EXERCISE INSTRUCTIONS:
Leave the pictures out and restate every line below exactly.

EXERCISE DATA:
■ ■ ■
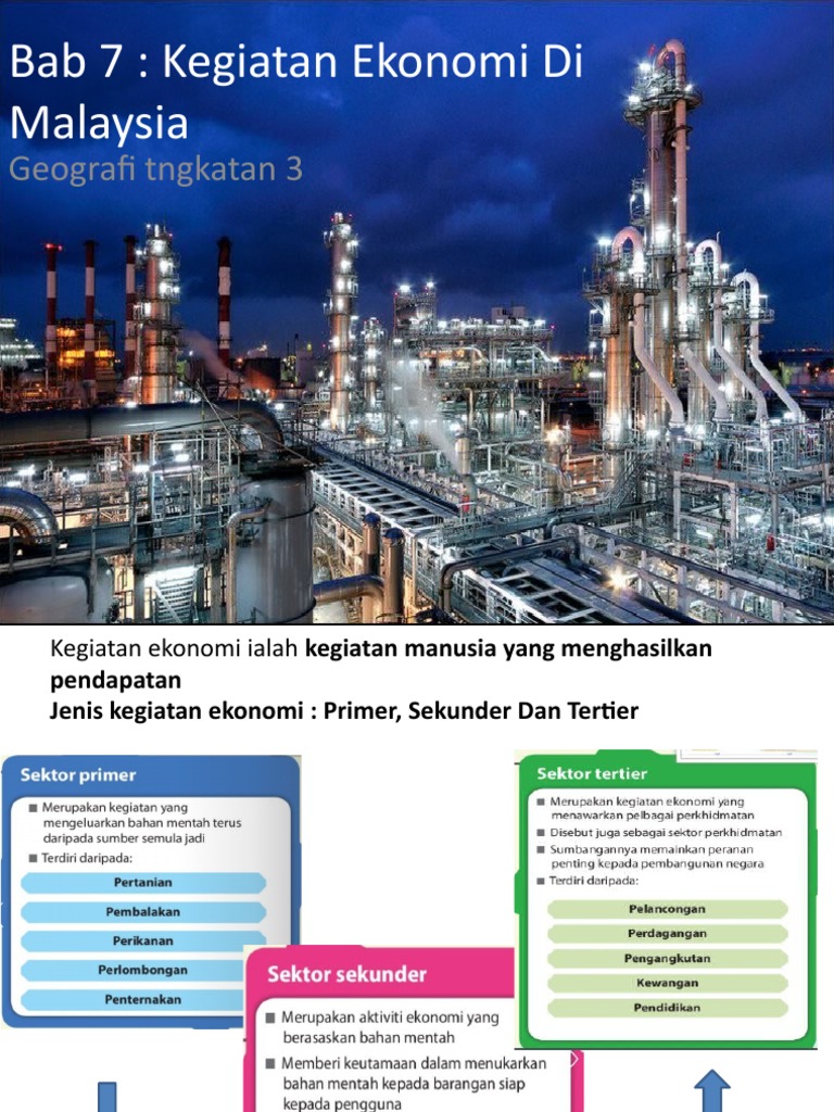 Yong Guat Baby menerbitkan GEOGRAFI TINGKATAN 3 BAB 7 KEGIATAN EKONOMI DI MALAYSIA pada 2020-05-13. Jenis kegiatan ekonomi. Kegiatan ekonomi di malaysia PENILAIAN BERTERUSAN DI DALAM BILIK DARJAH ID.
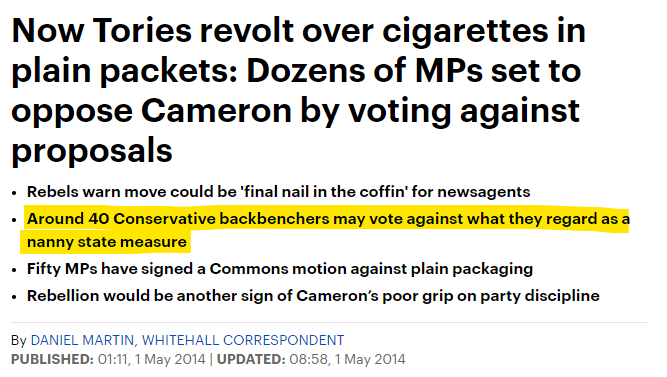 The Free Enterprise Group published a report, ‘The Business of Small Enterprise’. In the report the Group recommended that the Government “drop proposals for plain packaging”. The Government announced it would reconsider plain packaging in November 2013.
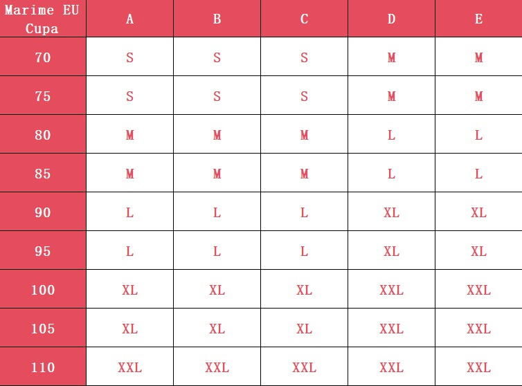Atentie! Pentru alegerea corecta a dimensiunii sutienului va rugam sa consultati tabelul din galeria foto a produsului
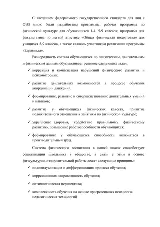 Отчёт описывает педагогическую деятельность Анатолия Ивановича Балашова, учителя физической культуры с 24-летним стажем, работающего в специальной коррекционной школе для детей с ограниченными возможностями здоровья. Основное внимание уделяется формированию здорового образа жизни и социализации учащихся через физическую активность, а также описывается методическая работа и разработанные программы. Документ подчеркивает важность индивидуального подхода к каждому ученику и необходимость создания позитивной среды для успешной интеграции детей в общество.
■ ■ ■
ANSWER FOR THE TASK:
 Yong Guat Baby menerbitkan GEOGRAFI TINGKATAN 3 BAB 7 KEGIATAN EKONOMI DI MALAYSIA pada 2020-05-13. Jenis kegiatan ekonomi. Kegiatan ekonomi di malaysia PENILAIAN BERTERUSAN DI DALAM BILIK DARJAH ID.
 The Free Enterprise Group published a report, ‘The Business of Small Enterprise’. In the report the Group recommended that the Government “drop proposals for plain packaging”. The Government announced it would reconsider plain packaging in November 2013.
Atentie! Pentru alegerea corecta a dimensiunii sutienului va rugam sa consultati tabelul din galeria foto a produsului
 Отчёт описывает педагогическую деятельность Анатолия Ивановича Балашова, учителя физической культуры с 24-летним стажем, работающего в специальной коррекционной школе для детей с ограниченными возможностями здоровья. Основное внимание уделяется формированию здорового образа жизни и социализации учащихся через физическую активность, а также описывается методическая работа и разработанные программы. Документ подчеркивает важность индивидуального подхода к каждому ученику и необходимость создания позитивной среды для успешной интеграции детей в общество.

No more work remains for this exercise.